[Stored items from a collection]

++++

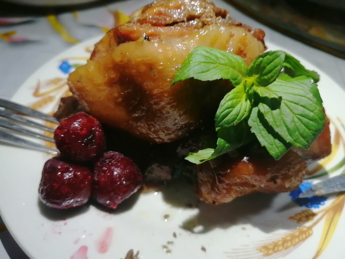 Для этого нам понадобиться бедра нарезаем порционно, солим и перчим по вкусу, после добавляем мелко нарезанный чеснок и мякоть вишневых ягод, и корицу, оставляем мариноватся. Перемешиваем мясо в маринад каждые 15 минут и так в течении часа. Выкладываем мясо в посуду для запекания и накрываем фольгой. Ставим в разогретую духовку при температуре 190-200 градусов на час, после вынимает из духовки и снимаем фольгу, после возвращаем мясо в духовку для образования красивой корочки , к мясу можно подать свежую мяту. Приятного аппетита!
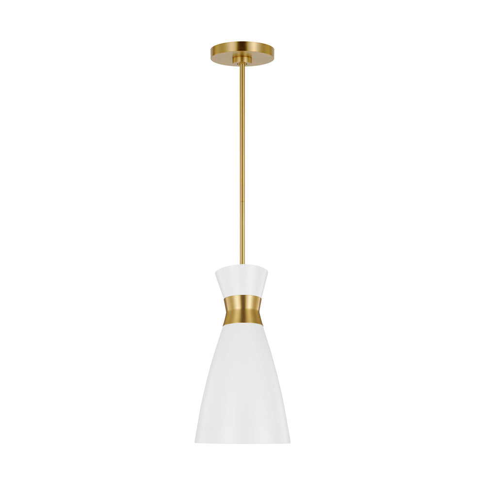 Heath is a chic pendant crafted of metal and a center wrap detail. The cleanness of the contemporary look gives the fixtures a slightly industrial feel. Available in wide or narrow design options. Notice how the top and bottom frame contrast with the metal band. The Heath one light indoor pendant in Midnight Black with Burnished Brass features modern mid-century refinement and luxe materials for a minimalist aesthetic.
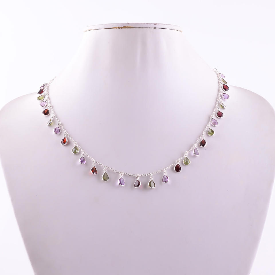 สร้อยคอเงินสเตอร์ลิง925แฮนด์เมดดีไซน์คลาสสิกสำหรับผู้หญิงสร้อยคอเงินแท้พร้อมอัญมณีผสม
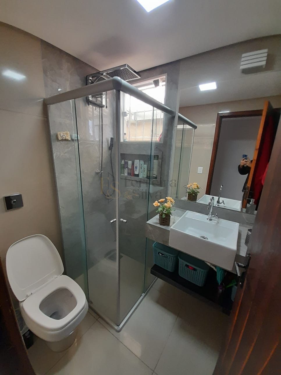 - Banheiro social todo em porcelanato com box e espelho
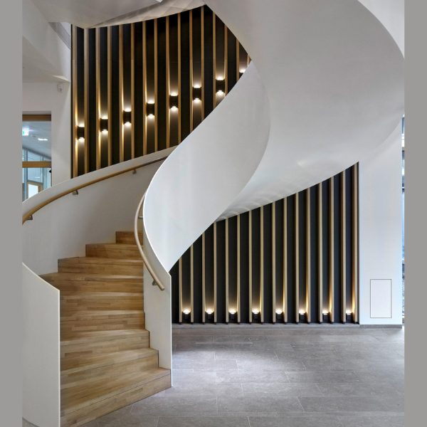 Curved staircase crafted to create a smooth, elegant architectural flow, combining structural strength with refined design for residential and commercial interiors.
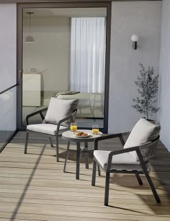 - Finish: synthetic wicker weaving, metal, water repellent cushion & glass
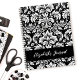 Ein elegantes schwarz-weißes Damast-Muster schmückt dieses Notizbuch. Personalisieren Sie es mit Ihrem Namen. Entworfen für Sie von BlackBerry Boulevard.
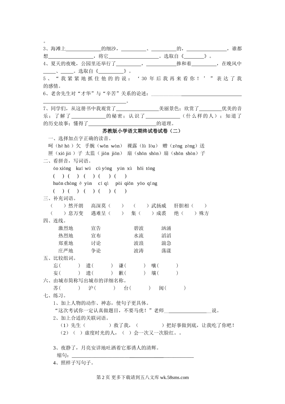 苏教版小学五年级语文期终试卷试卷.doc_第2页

++++

-- Action item --
Verbatim, write out the line containing "สร้อยคอเงินสเต" and all later lines through the end of the records, leaving every picture out.

-- Response area --
 สร้อยคอเงินสเตอร์ลิง925แฮนด์เมดดีไซน์คลาสสิกสำหรับผู้หญิงสร้อยคอเงินแท้พร้อมอัญมณีผสม
 - Banheiro social todo em porcelanato com box e espelho
 Curved staircase crafted to create a smooth, elegant architectural flow, combining structural strength with refined design for residential and commercial interiors.
 - Finish: synthetic wicker weaving, metal, water repellent cushion & glass
 Ein elegantes schwarz-weißes Damast-Muster schmückt dieses Notizbuch. Personalisieren Sie es mit Ihrem Namen. Entworfen für Sie von BlackBerry Boulevard.
 苏教版小学五年级语文期终试卷试卷.doc_第2页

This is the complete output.